## Exercise details
Reproduce every record below exactly as written, but leave out any pictures.

[Data excerpts]
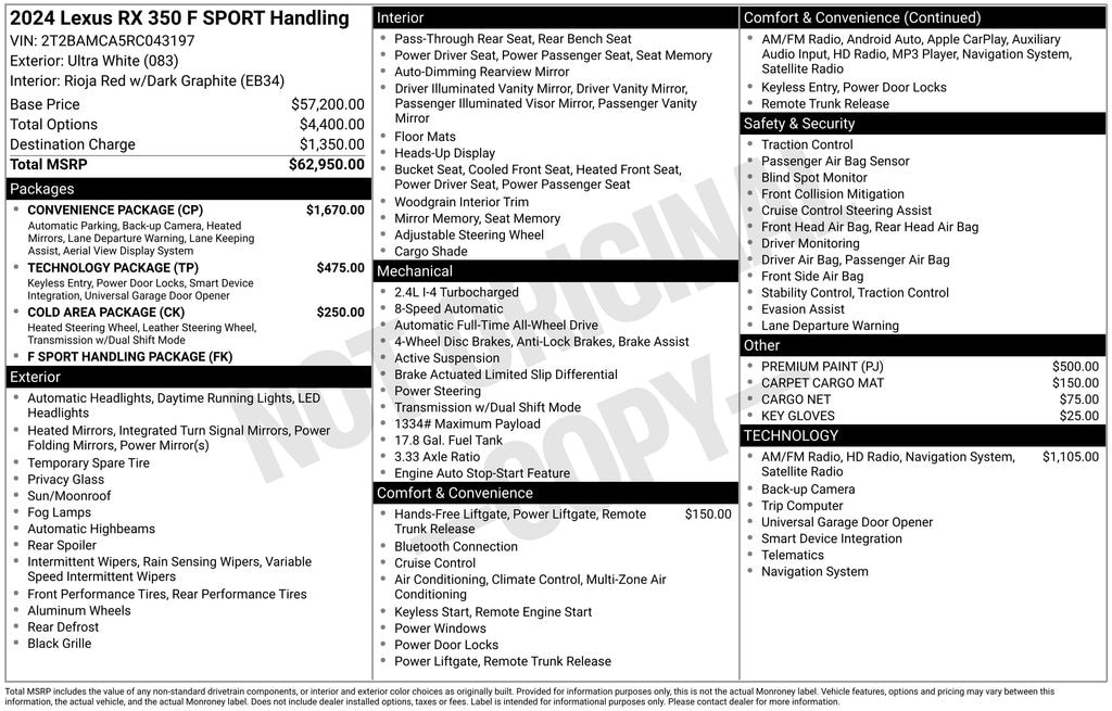 Check out all these great options Cold Area Package (Heated F SPORT Steering Wheel w/Paddle Shifters), Convenience Package (Electrochromic Heated Outside Rearview Mirror and Lane Change Assist w/Lane Keeping Assist System), 12 Speakers, 4-Wheel Disc Brakes, 8-Way Power Driver & Front Passenger Seat Adjusters, ABS brakes, Active Cruise Control, Adaptive suspension, Air Conditioning, Alloy wheels, AM/FM radio: SiriusXM, Anti-whiplash front head restraints, Auto High-beam Headlights, Auto tilt-away steering wheel, Auto-dimming door mirrors, Auto-dimming Rear-View mirror, Auto-leveling suspension, Automatic temperature control, Bumpers: body-color, Compass, Delay-off headlights, Dual front impact airbags, Dual front side impact airbags, Electronic Stability Control, Emergency communication system: Safety Connect (10-year trial), F SPORT NuLuxe Seat Trim, Four wheel independent suspension, Front anti-roll bar, Front dual zone A/C, Front fog lights, Fully automatic headlights, Garage door transmitter: HomeLink, Heads-Up Display, Heated & Ventilated Front Bucket Seats, Heated door mirrors, Heated front seats, Illuminated entry, Leather Shift Knob, Leather steering wheel, Low tire pressure warning, Memory seat, Navigation System, Occupant sensing airbag, Outside temperature display, Overhead airbag, Panic alarm, Power door mirrors, Power driver seat, Power Liftgate, Power moonroof, Power passenger seat, Power steering, Power windows, Radio data system, Radio: Lexus Interface w/14" HD Touchscreen Display, Rain sensing wipers, Rear air conditioning, Rear anti-roll bar, Rear side impact airbag, Rear window defroster, Rear wi
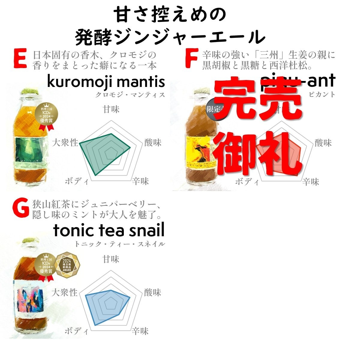 狭山紅茶にジンの蒸留で使用されたジュニパーベリーを加え、一緒に発酵させました。隠し味のミントが後引く、大人の発酵ジンジャーエール。
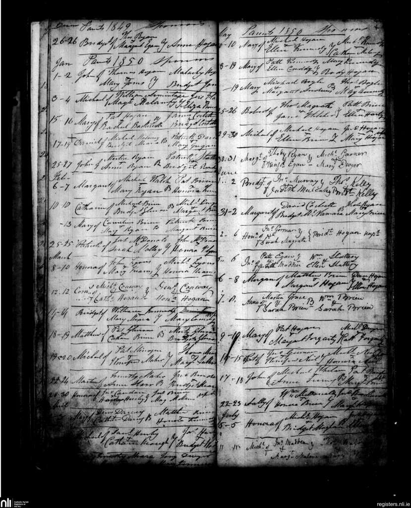 Youghal Arra; County of Tipperary; Diocese of Killaloe. Baptisms, Dec. 1849 to July 1850
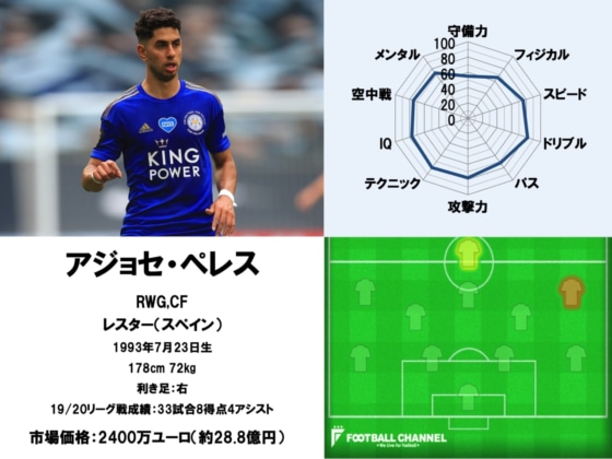 スペインのテネリフェ島出身のアジョセ・ペレスは、21歳のときにニューカッスルに移籍した。1年目からレギュラーを獲得し、18/19シーズンには12得点をマーク。19/20シーズンからはブレンダン・ロジャース監督率いるレスターに移籍している。
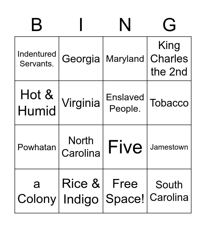 This bingo card has 16 words: Rice & Indigo, Jamestown, Maryland, Indentured Servants., Powhatan, Georgia, Five, Free Space!, Hot & Humid, Virginia, a Colony, King Charles the 2nd, North Carolina, Tobacco, Enslaved People. and South Carolina.
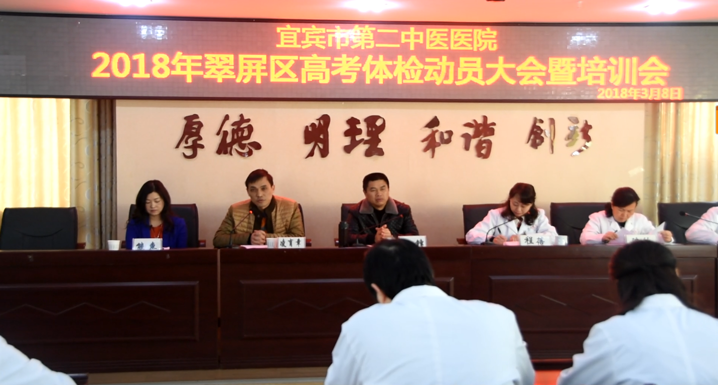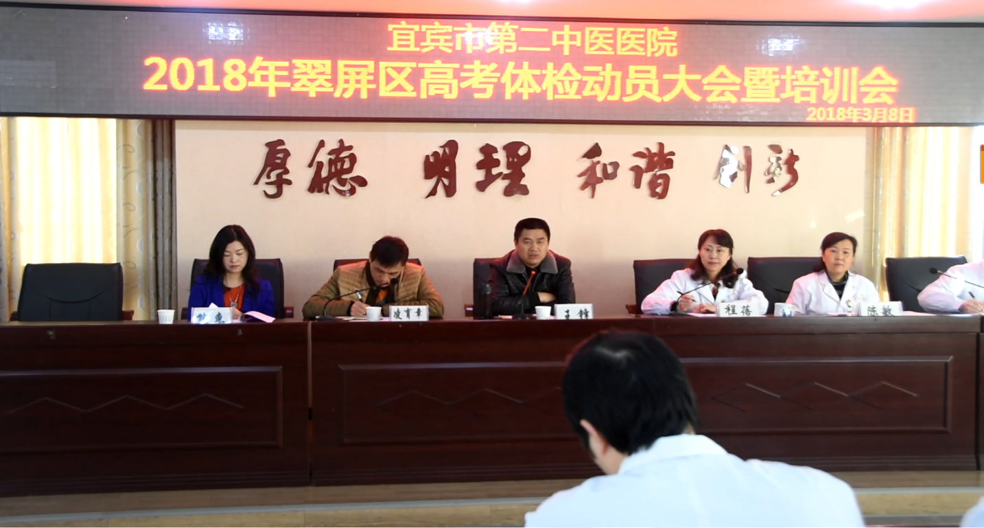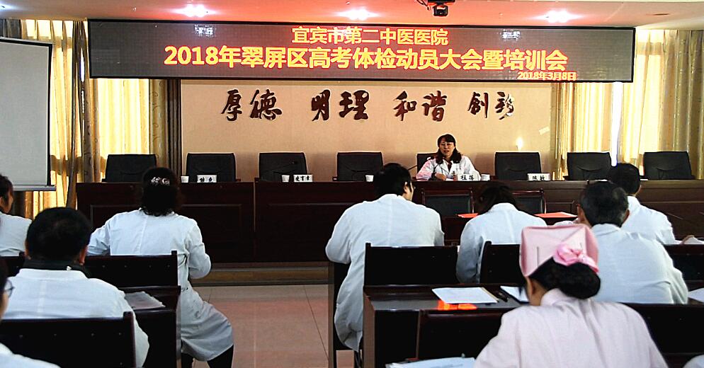 四川新闻网宜宾3月9日讯(付新淇 唐何娟 ) 2018年3月8日上午9点,宜宾市中医医院在三楼会议室组织召开了2018年普通高等学校招生体检工作动员暨培训大会。区卫计局党委委员、副局长、区高考体检领导小组副组长王锋、区招办分管高考体检工作副主任凌育章等领导,医院院班子全体成员、高考体检领导小组成员,以及此次高考体检全体参检医务人员参加了此次动员暨培训大会。会议由医院副院长、高考体检工作领导小组副组长龙海兵同志主持。

## Your response
 Check out all these great options Cold Area Package (Heated F SPORT Steering Wheel w/Paddle Shifters), Convenience Package (Electrochromic Heated Outside Rearview Mirror and Lane Change Assist w/Lane Keeping Assist System), 12 Speakers, 4-Wheel Disc Brakes, 8-Way Power Driver & Front Passenger Seat Adjusters, ABS brakes, Active Cruise Control, Adaptive suspension, Air Conditioning, Alloy wheels, AM/FM radio: SiriusXM, Anti-whiplash front head restraints, Auto High-beam Headlights, Auto tilt-away steering wheel, Auto-dimming door mirrors, Auto-dimming Rear-View mirror, Auto-leveling suspension, Automatic temperature control, Bumpers: body-color, Compass, Delay-off headlights, Dual front impact airbags, Dual front side impact airbags, Electronic Stability Control, Emergency communication system: Safety Connect (10-year trial), F SPORT NuLuxe Seat Trim, Four wheel independent suspension, Front anti-roll bar, Front dual zone A/C, Front fog lights, Fully automatic headlights, Garage door transmitter: HomeLink, Heads-Up Display, Heated & Ventilated Front Bucket Seats, Heated door mirrors, Heated front seats, Illuminated entry, Leather Shift Knob, Leather steering wheel, Low tire pressure warning, Memory seat, Navigation System, Occupant sensing airbag, Outside temperature display, Overhead airbag, Panic alarm, Power door mirrors, Power driver seat, Power Liftgate, Power moonroof, Power passenger seat, Power steering, Power windows, Radio data system, Radio: Lexus Interface w/14" HD Touchscreen Display, Rain sensing wipers, Rear air conditioning, Rear anti-roll bar, Rear side impact airbag, Rear window defroster, Rear wi
 狭山紅茶にジンの蒸留で使用されたジュニパーベリーを加え、一緒に発酵させました。隠し味のミントが後引く、大人の発酵ジンジャーエール。
 Youghal Arra; County of Tipperary; Diocese of Killaloe. Baptisms, Dec. 1849 to July 1850
 スペインのテネリフェ島出身のアジョセ・ペレスは、21歳のときにニューカッスルに移籍した。1年目からレギュラーを獲得し、18/19シーズンには12得点をマーク。19/20シーズンからはブレンダン・ロジャース監督率いるレスターに移籍している。
 This bingo card has 16 words: Rice & Indigo, Jamestown, Maryland, Indentured Servants., Powhatan, Georgia, Five, Free Space!, Hot & Humid, Virginia, a Colony, King Charles the 2nd, North Carolina, Tobacco, Enslaved People. and South Carolina.
 四川新闻网宜宾3月9日讯(付新淇 唐何娟 ) 2018年3月8日上午9点,宜宾市中医医院在三楼会议室组织召开了2018年普通高等学校招生体检工作动员暨培训大会。区卫计局党委委员、副局长、区高考体检领导小组副组长王锋、区招办分管高考体检工作副主任凌育章等领导,医院院班子全体成员、高考体检领导小组成员,以及此次高考体检全体参检医务人员参加了此次动员暨培训大会。会议由医院副院长、高考体检工作领导小组副组长龙海兵同志主持。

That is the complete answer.